*** STORED DATA ***
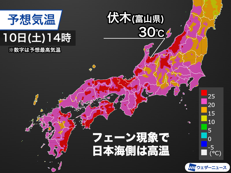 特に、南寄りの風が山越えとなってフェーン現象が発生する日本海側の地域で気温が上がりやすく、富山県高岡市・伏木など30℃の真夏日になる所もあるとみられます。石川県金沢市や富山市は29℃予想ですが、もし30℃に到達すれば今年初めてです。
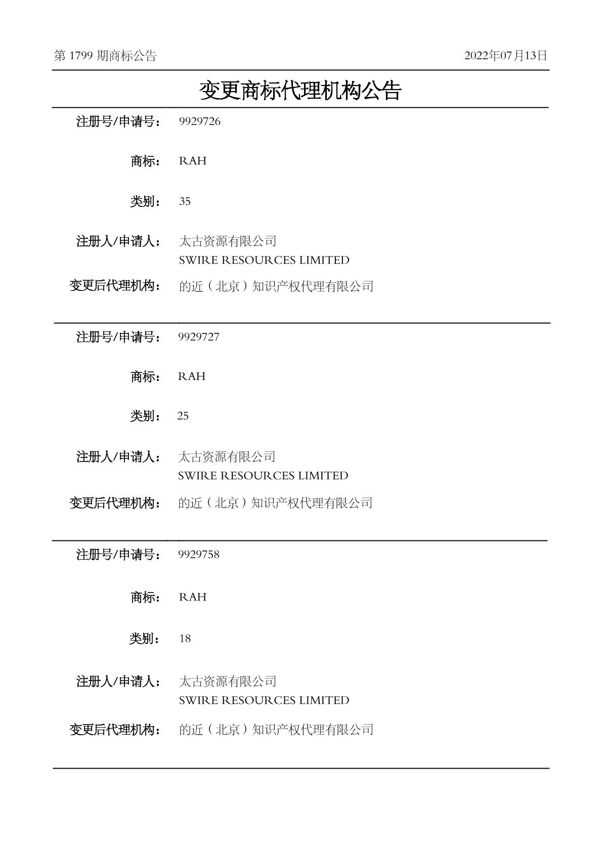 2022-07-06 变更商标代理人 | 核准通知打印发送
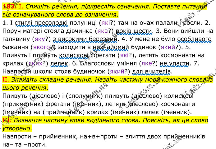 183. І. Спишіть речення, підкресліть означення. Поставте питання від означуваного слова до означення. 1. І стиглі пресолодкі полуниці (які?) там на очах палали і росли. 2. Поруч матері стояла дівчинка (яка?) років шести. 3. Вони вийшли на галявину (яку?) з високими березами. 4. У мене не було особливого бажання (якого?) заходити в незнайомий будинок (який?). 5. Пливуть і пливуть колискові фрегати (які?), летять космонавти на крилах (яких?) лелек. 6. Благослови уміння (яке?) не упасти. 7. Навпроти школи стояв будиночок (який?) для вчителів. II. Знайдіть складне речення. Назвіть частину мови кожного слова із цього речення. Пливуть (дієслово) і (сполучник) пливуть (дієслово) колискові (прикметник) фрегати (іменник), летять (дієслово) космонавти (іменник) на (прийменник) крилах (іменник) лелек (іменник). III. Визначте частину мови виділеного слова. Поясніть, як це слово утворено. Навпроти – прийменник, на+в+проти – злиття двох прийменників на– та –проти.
***
Repeat the material exactly as it reads, without any of its pictures.

• [WRITTEN REPLY]
 特に、南寄りの風が山越えとなってフェーン現象が発生する日本海側の地域で気温が上がりやすく、富山県高岡市・伏木など30℃の真夏日になる所もあるとみられます。石川県金沢市や富山市は29℃予想ですが、もし30℃に到達すれば今年初めてです。
 2022-07-06 变更商标代理人 | 核准通知打印发送
 183. І. Спишіть речення, підкресліть означення. Поставте питання від означуваного слова до означення. 1. І стиглі пресолодкі полуниці (які?) там на очах палали і росли. 2. Поруч матері стояла дівчинка (яка?) років шести. 3. Вони вийшли на галявину (яку?) з високими березами. 4. У мене не було особливого бажання (якого?) заходити в незнайомий будинок (який?). 5. Пливуть і пливуть колискові фрегати (які?), летять космонавти на крилах (яких?) лелек. 6. Благослови уміння (яке?) не упасти. 7. Навпроти школи стояв будиночок (який?) для вчителів. II. Знайдіть складне речення. Назвіть частину мови кожного слова із цього речення. Пливуть (дієслово) і (сполучник) пливуть (дієслово) колискові (прикметник) фрегати (іменник), летять (дієслово) космонавти (іменник) на (прийменник) крилах (іменник) лелек (іменник). III. Визначте частину мови виділеного слова. Поясніть, як це слово утворено. Навпроти – прийменник, на+в+проти – злиття двох прийменників на– та –проти.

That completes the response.